▶ **Assignment**: Copy each entry below verbatim. Skip the pictures.

▶ **Data for this exercise**:
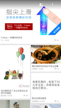 TCL么么哒3N依然采用时下主流的一体化桌面界面,将原生的应用程序界面和桌面界面合二为一,减少了用户的二级菜单操作,而且支持实用的桌面文件夹管理功能。值得一提的是,该机加入了全新的TCL专属阅读器——资讯专家T秀,将众多资讯内容集合在一处,方便用户进行查看,类似于HTC缤纷聚合界面(注:用户在主页界面向右即可调出)。
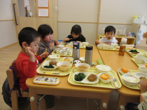 その日はそのままひかりぐみさんと朝の会をして、初めて一緒に給食を食べました。
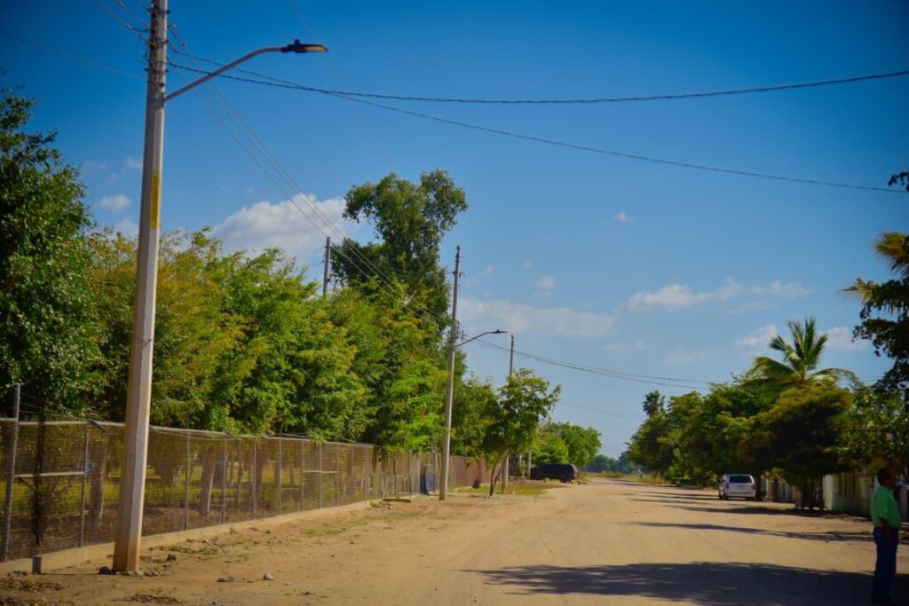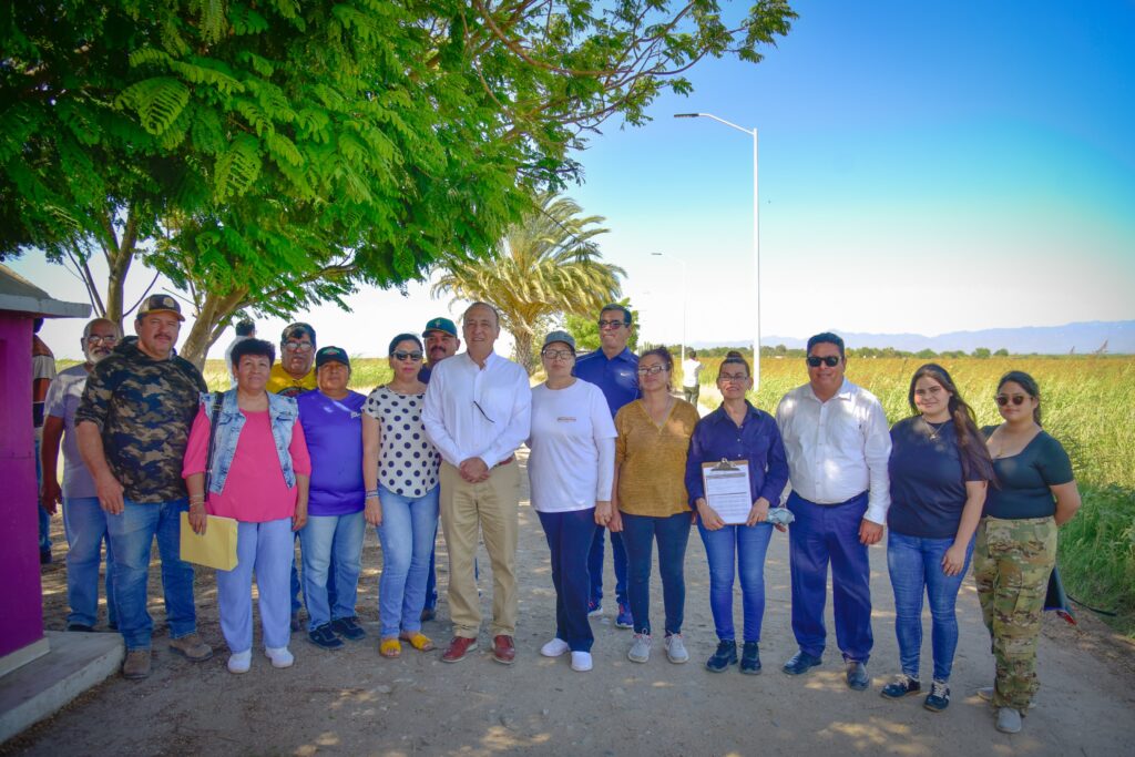 El Carrizo, Ahome, Sinaloa. A 09 Abril 2026.- En una intensa gira de trabajo por comunidades del valle de El Carrizo, el alcalde Antonio Menéndez entregó a los habitantes de 5 poblaciones, diversas obras de impacto social que coadyuven a su bienestar y dignifiquen sus condiciones de vida, como pavimento y alumbrado público, con inversión global de poco más de 4 millones de pesos.
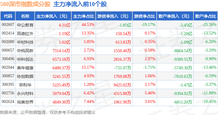 资金流向方面,500深市(399802)指数成份股当日主力资金净流出合计98.67亿元,游资资金净流入合计8.05亿元,散户资金净流入合计90.62亿元。成份股资金流向详情见下表:
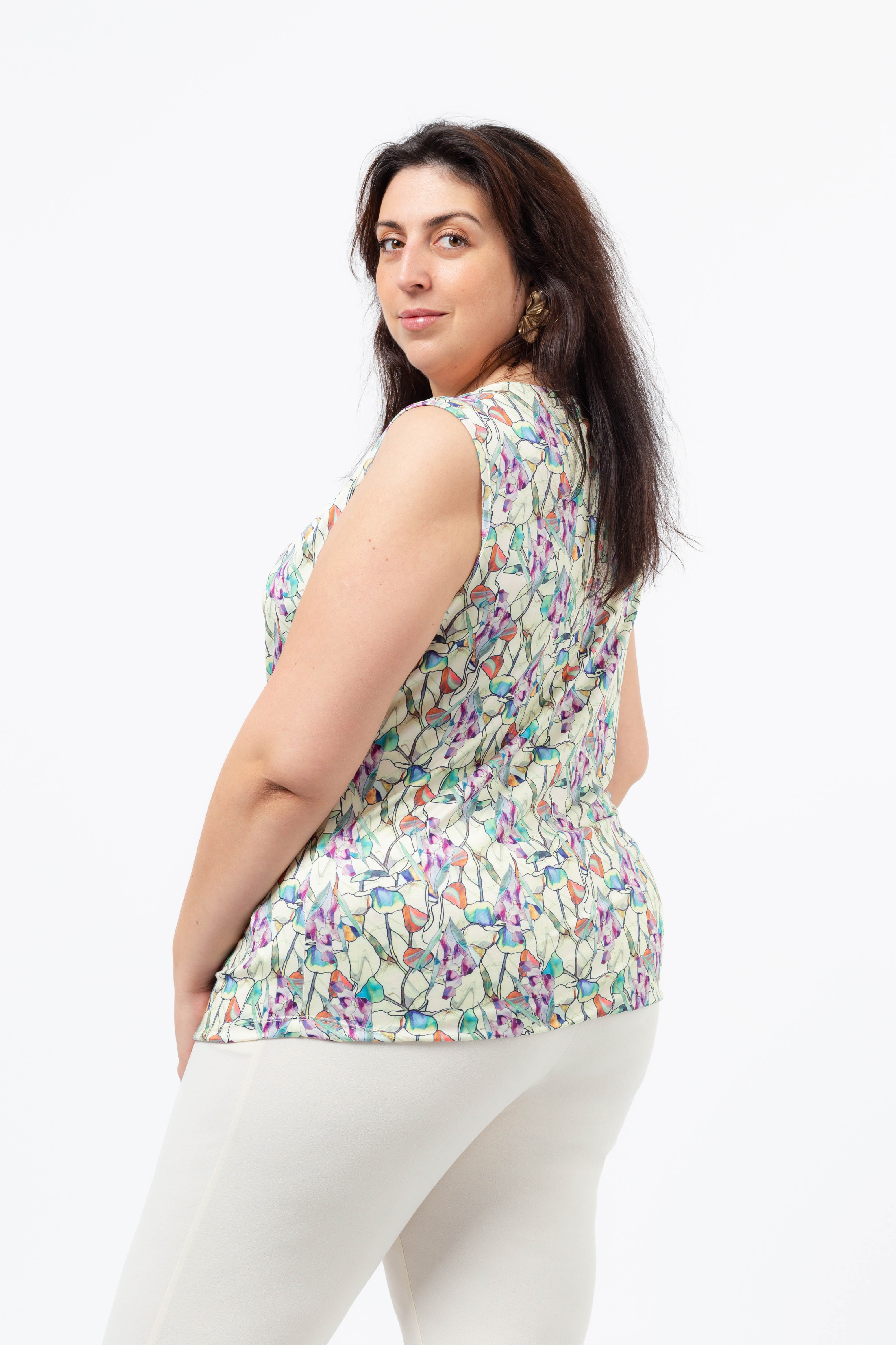Top en maille imprimée, tons verts, col drapé, base arrondie. Disponible en Grandes Tailles Produit de design et fabrication propre. Nous sommes une marque de confection de vêtements avec plus de 50 ans d'expérience Modèle : Hauteur 1,82m et porte la taille 3XL.
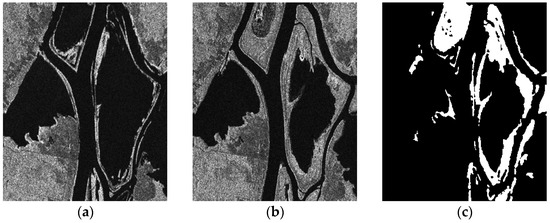 In this section, six real SAR image data sets are used to demonstrate the superiority of the method. Figure 2, Figure 3, Figure 4, Figure 5, Figure 6 and Figure 7 show the SAR data sets. Figure 2 is the Bern data set. They were taken in July 1999 and May 1999 by ERS-2. The image size and resolution are 301 × 301 and 20 m. Figure 3 is the Ottawa data set. They were taken in May 1997 and August 1997 by Radarsat-1. The image size and resolution are 290 × 350 and 12 m. Figure 4 is the Farmland data set. They were taken in June 2008 and June 2009 by Radarsat-2. The image size and resolution are 306 × 291 and 8 m. Figure 5 is the Coastline data set. They were taken in June 2008 and June 2009 by Radarsat-2. The image size and resolution are 450 × 280 and 8 m. Figure 6 is the Inland Water data set. They were taken in June 2008 and June 2009 by Radarsat-2. The image size and resolution are 291 × 444 and 8 m. Figure 7 is the Bangladesh data set. They were taken in April 2007 and July 2007 by Envisat. The image size and resolution are 300 × 300 and 10 m. A description of these data sets is shown in Table 1.

▶ **Answer for the task**:
 TCL么么哒3N依然采用时下主流的一体化桌面界面,将原生的应用程序界面和桌面界面合二为一,减少了用户的二级菜单操作,而且支持实用的桌面文件夹管理功能。值得一提的是,该机加入了全新的TCL专属阅读器——资讯专家T秀,将众多资讯内容集合在一处,方便用户进行查看,类似于HTC缤纷聚合界面(注:用户在主页界面向右即可调出)。
 その日はそのままひかりぐみさんと朝の会をして、初めて一緒に給食を食べました。
 El Carrizo, Ahome, Sinaloa. A 09 Abril 2026.- En una intensa gira de trabajo por comunidades del valle de El Carrizo, el alcalde Antonio Menéndez entregó a los habitantes de 5 poblaciones, diversas obras de impacto social que coadyuven a su bienestar y dignifiquen sus condiciones de vida, como pavimento y alumbrado público, con inversión global de poco más de 4 millones de pesos.
 资金流向方面,500深市(399802)指数成份股当日主力资金净流出合计98.67亿元,游资资金净流入合计8.05亿元,散户资金净流入合计90.62亿元。成份股资金流向详情见下表:
Top en maille imprimée, tons verts, col drapé, base arrondie. Disponible en Grandes Tailles Produit de design et fabrication propre. Nous sommes une marque de confection de vêtements avec plus de 50 ans d'expérience Modèle : Hauteur 1,82m et porte la taille 3XL.
 In this section, six real SAR image data sets are used to demonstrate the superiority of the method. Figure 2, Figure 3, Figure 4, Figure 5, Figure 6 and Figure 7 show the SAR data sets. Figure 2 is the Bern data set. They were taken in July 1999 and May 1999 by ERS-2. The image size and resolution are 301 × 301 and 20 m. Figure 3 is the Ottawa data set. They were taken in May 1997 and August 1997 by Radarsat-1. The image size and resolution are 290 × 350 and 12 m. Figure 4 is the Farmland data set. They were taken in June 2008 and June 2009 by Radarsat-2. The image size and resolution are 306 × 291 and 8 m. Figure 5 is the Coastline data set. They were taken in June 2008 and June 2009 by Radarsat-2. The image size and resolution are 450 × 280 and 8 m. Figure 6 is the Inland Water data set. They were taken in June 2008 and June 2009 by Radarsat-2. The image size and resolution are 291 × 444 and 8 m. Figure 7 is the Bangladesh data set. They were taken in April 2007 and July 2007 by Envisat. The image size and resolution are 300 × 300 and 10 m. A description of these data sets is shown in Table 1.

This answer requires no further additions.